### Listed entries
----------
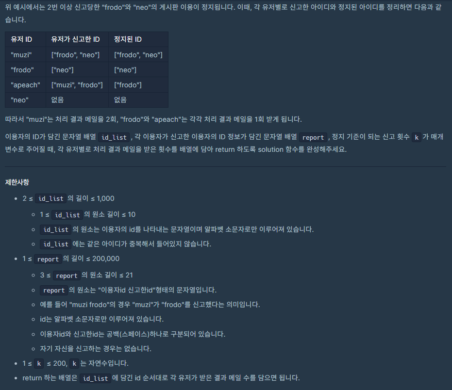 3. report에 중복되는 값을 제거하자 => set(report)
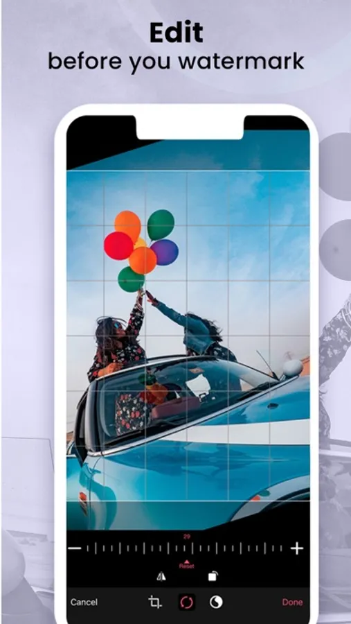 Need to edit your picture before applying watermark? Feel free to; crop, apply black & white filter and rotate the image according to your needs.
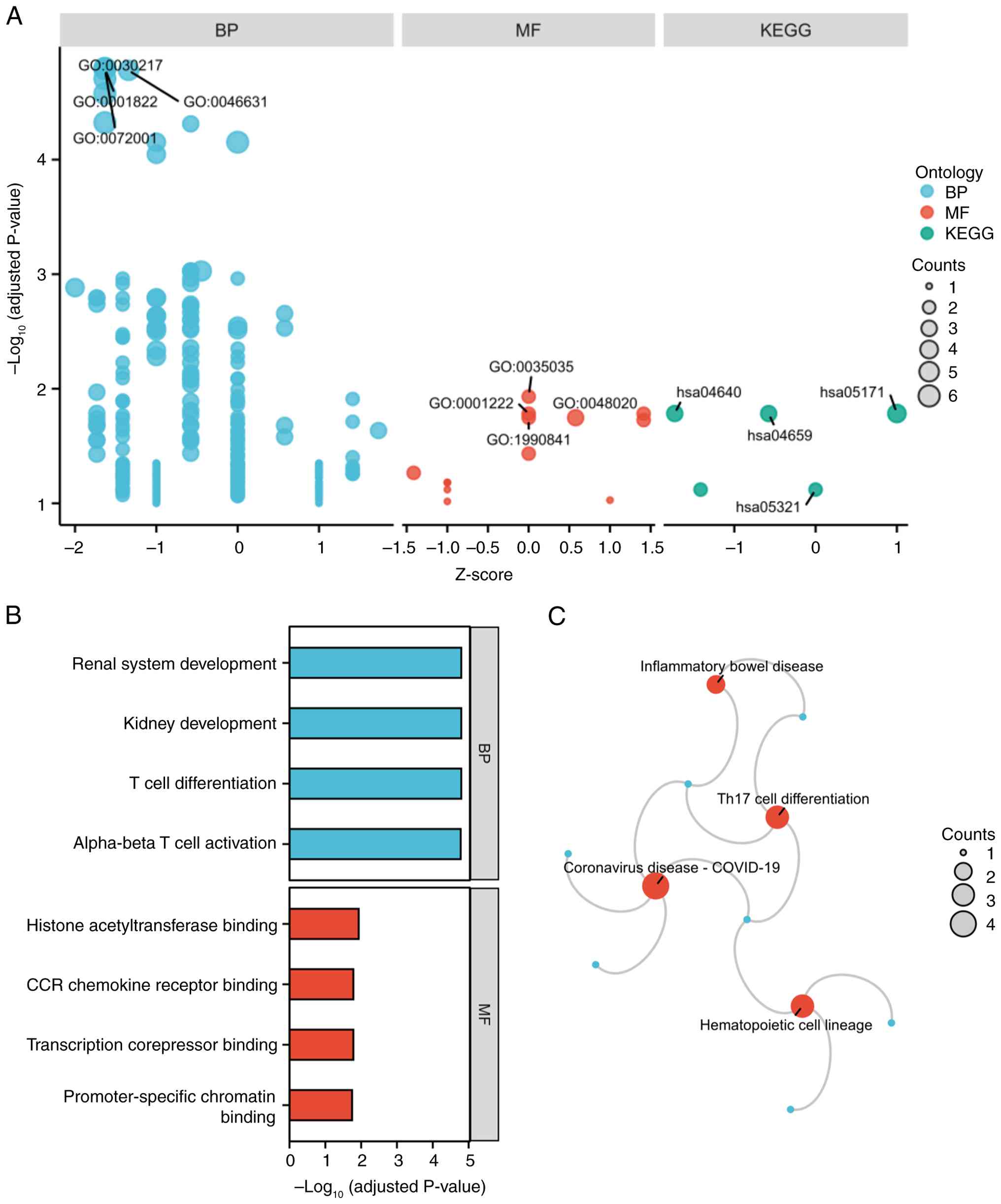 GO and KEGG enrichment analyses of the 15 shared DEGs revealed significant associations with immune and developmental processes (Fig. 3A). In GO-BP, DEGs were enriched in ‘T cell differentiation’, ‘kidney development’, ‘renal system development’ and ‘alpha-beta T cell activation’ (Fig. 3B). In GO-MF, terms included ‘histone acetyltransferase binding’, ‘transcription corepressor binding’, ‘CCR chemokine receptor binding’, ‘promoter-specific chromatin binding’ (Fig. 3B). KEGG pathways highlighted ‘Coronavirus disease-COVID-19’, ‘Hematopoietic cell lineage’, ‘Th17 cell differentiation’ and ‘Inflammatory bowel disease’ as pathways significantly associated with the DEGs (Fig. 3C).
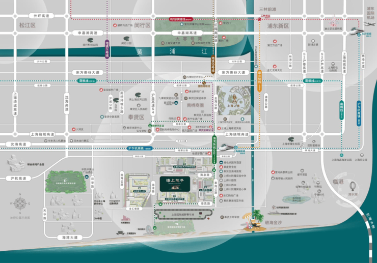 交通方面:奉贤线的性质是市域铁路,相较于地铁,车速更快、站距更大,可以助力新城快速联系市区、国际枢纽。海湾快线已通车,高效拉近海湾与南桥的时间距离;S3高速主线通车,全面对接浦东周浦康桥;市域铁路奉贤线推进,将联动机场联络线,直接换乘通达上海两大机场。
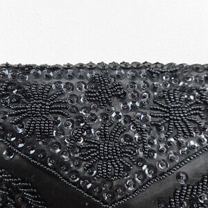 Vintage 50s Black Beaded Satin Evening Clutch Made in Japan Floral Cocktail Bag
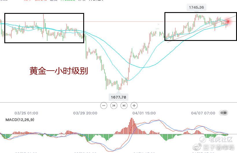 图为黄金一小时级别,在经历1677筑底,反弹其实是非常顺利的,一些关键位置的破位都非常干脆,但是在这几天受到了阻力,做交易的都能看出来现在这个区间,又回到了砸盘前的状态。之前是盘了半个月才等来一个大行情,没多久又要盘上了?现在小时k线其实在逐渐走低,在上次到45后虽然下来了,但是还是做了短多期待破位的,可在这之后高点在沿着MA30均线逐渐下移,现在是受到MA60均线的支撑,早上直播的时候等了一小时的收线,结果仍然没实体破位,只是下影线刺破。那说明均线的支撑也很到位。
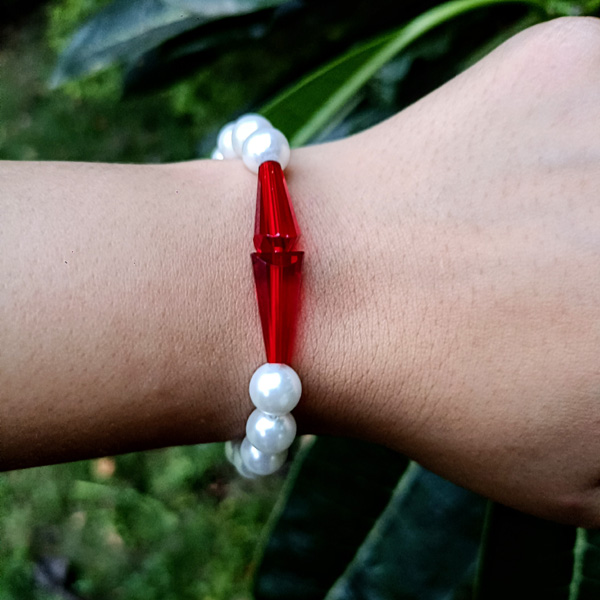 Handmade Red Crystal with White Pearl Bracelet
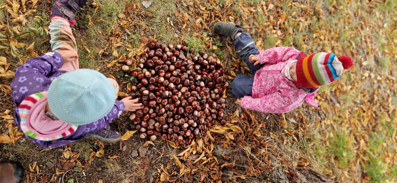 Es gibt folgende Besonderheiten: Gesunde Ernährung, Montessoripädagogik, viel Zeit draußen, Verzahntes Modell
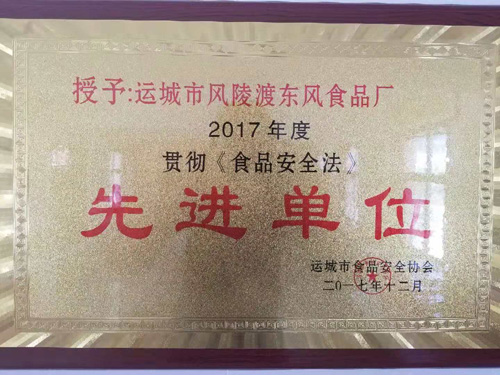 2017年度贯彻食品******法先进单位
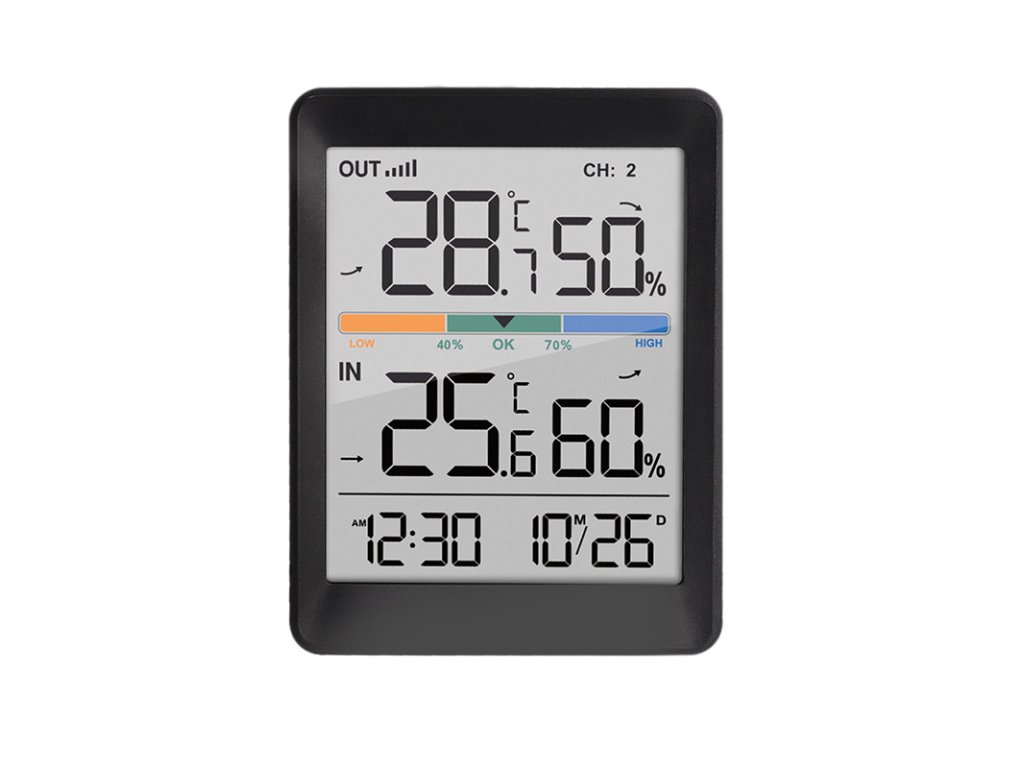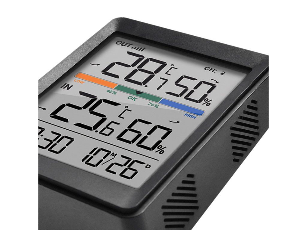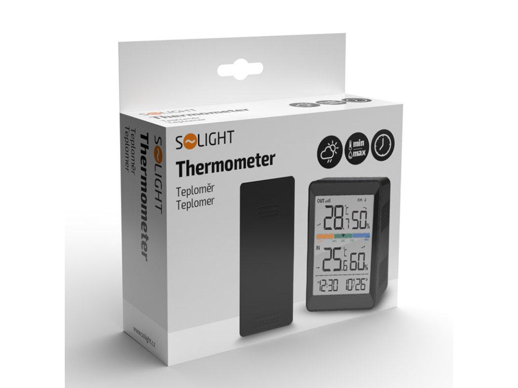 pamäť minimálnych a maximálnych hodnôt teploty a vlhkosti indikátor vývoja teploty a vlhkosti teplota v stupňoch °C/°F hodiny, budík, časový formát 12/24, rok 1 bezdrôtový senzor (súčasťou balenia) dosah až 60 m (bez prekážok) ukazovateľ vybitej batérieDodatočné parametre
----------
### Task statement
What you write must match the listing exactly, from the line with "交通方面:奉贤线的性质是市域" up to and including the line with "2017年度贯彻食品******法先进单位". Pictures stay out.

### Solution below
 交通方面:奉贤线的性质是市域铁路,相较于地铁,车速更快、站距更大,可以助力新城快速联系市区、国际枢纽。海湾快线已通车,高效拉近海湾与南桥的时间距离;S3高速主线通车,全面对接浦东周浦康桥;市域铁路奉贤线推进,将联动机场联络线,直接换乘通达上海两大机场。
 Vintage 50s Black Beaded Satin Evening Clutch Made in Japan Floral Cocktail Bag
 图为黄金一小时级别,在经历1677筑底,反弹其实是非常顺利的,一些关键位置的破位都非常干脆,但是在这几天受到了阻力,做交易的都能看出来现在这个区间,又回到了砸盘前的状态。之前是盘了半个月才等来一个大行情,没多久又要盘上了?现在小时k线其实在逐渐走低,在上次到45后虽然下来了,但是还是做了短多期待破位的,可在这之后高点在沿着MA30均线逐渐下移,现在是受到MA60均线的支撑,早上直播的时候等了一小时的收线,结果仍然没实体破位,只是下影线刺破。那说明均线的支撑也很到位。
 Handmade Red Crystal with White Pearl Bracelet
 Es gibt folgende Besonderheiten: Gesunde Ernährung, Montessoripädagogik, viel Zeit draußen, Verzahntes Modell
 2017年度贯彻食品******法先进单位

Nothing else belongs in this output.